In this approach, we incorporate a dependence between the longitudinal and binary processes with shared random effects that link the two process through a function h(b_ik). We specified h(b_ik) to be the projection of the fetal growth process to a time close to birth. In our analyses, we chose this time to be 39 gestational weeks, but results were not sensitive to this assumption. Alternatively, one could link the two processes with a linear combination of all the random effects and unknown parameters. However, in our situation where we have three longitudinal outcomes and 7 random effects per outcome, this would be problematic (21 coefficients to estimate). The current approach requires us to estimate only one parameter for each longitudinal outcome (a total of three coefficients).

We incorporated a flexible mean structure for the longitudinal trajectories using cubic splines. A priori, we choose three knot points at gestational times corresponding to each of three quartiles. For the fetal growth application, this was sensible, since knot point locations were chosen close to the targeted measurements. However, in other situations where observations are more irregularly spaced and the mean trajectories follow more complex patterns, a larger number of knot points may be necessary. Future research may focus on estimating the optimal number of knot points in these situations.

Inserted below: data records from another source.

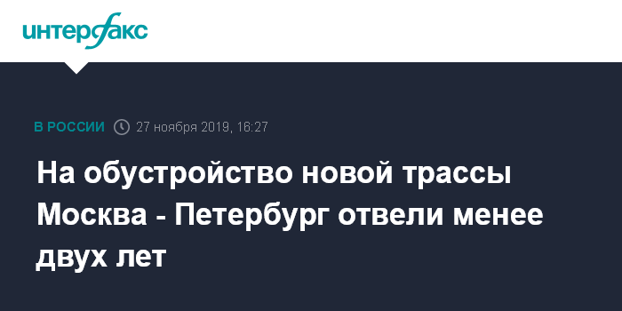 На обустройство новой трассы Москва - Петербург отвели менее двух лет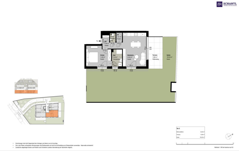 Wohnfläche: ca. 53,30m² + Terrasse: ca. 13,86m² + Eigengarten: ca. 103.30m² + Kellerabteil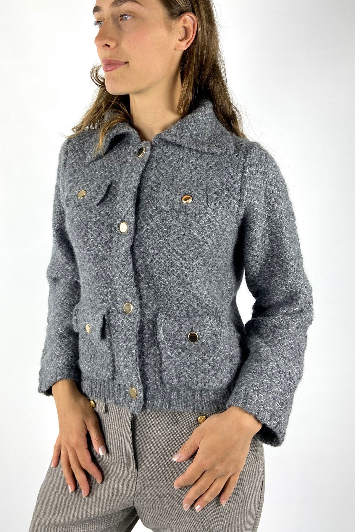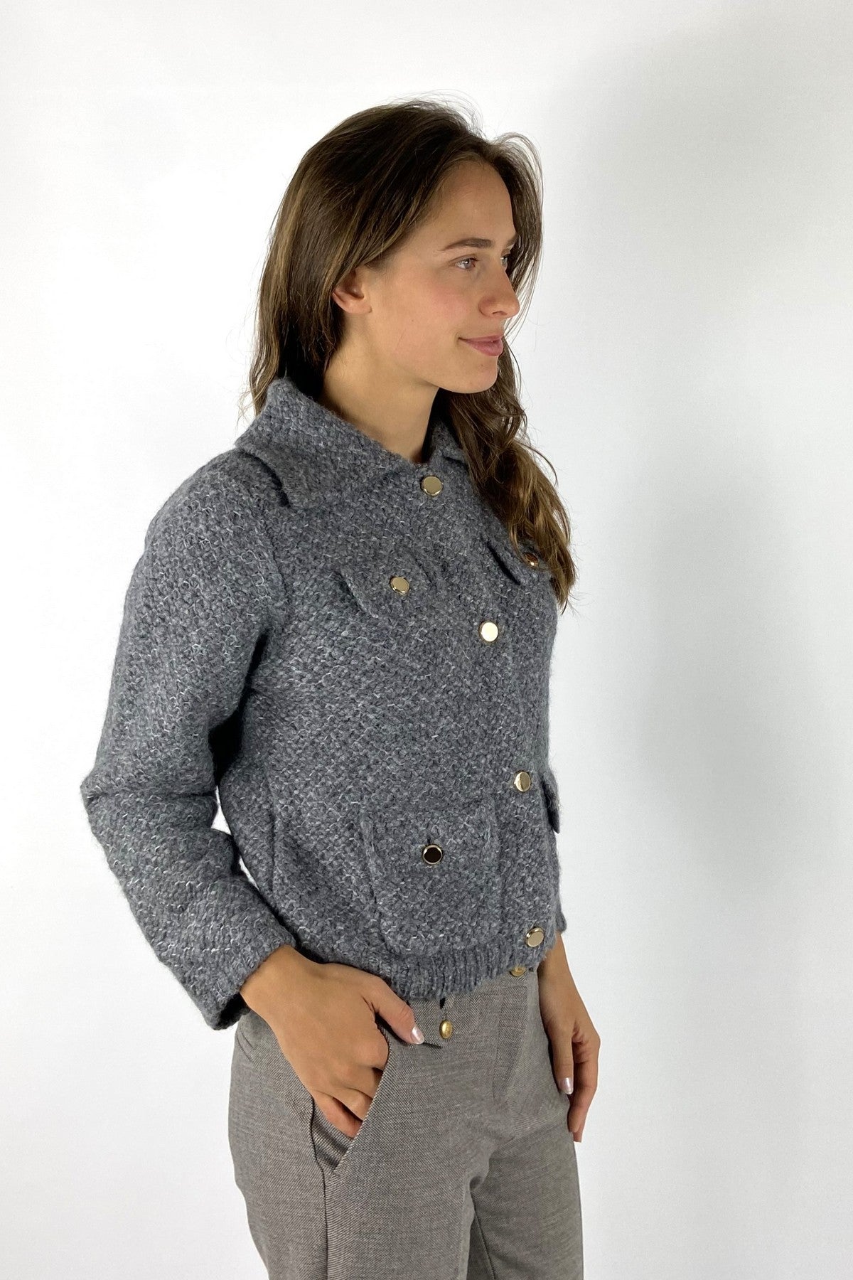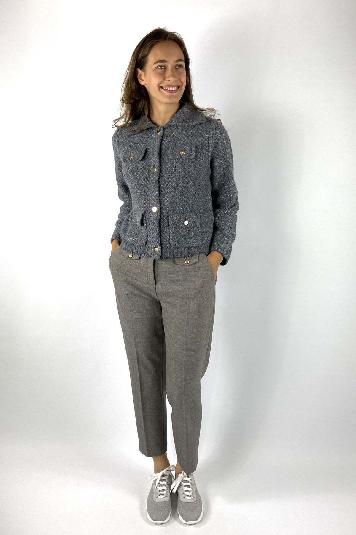 Elegant damesvest in kasjmiermix met gouden knopen. Kleur is grijs.

The model induced dependence between the longitudinal and binary outcomes using shared random effects. We recognize that this does place a constraint on the correlation between these processes. However, including separate correlated random effects for the longitudinal and binary components is not possible, since random effects cannot be incorporated for a single binary response. For applications with a repeated binary response, such an extension could be considered.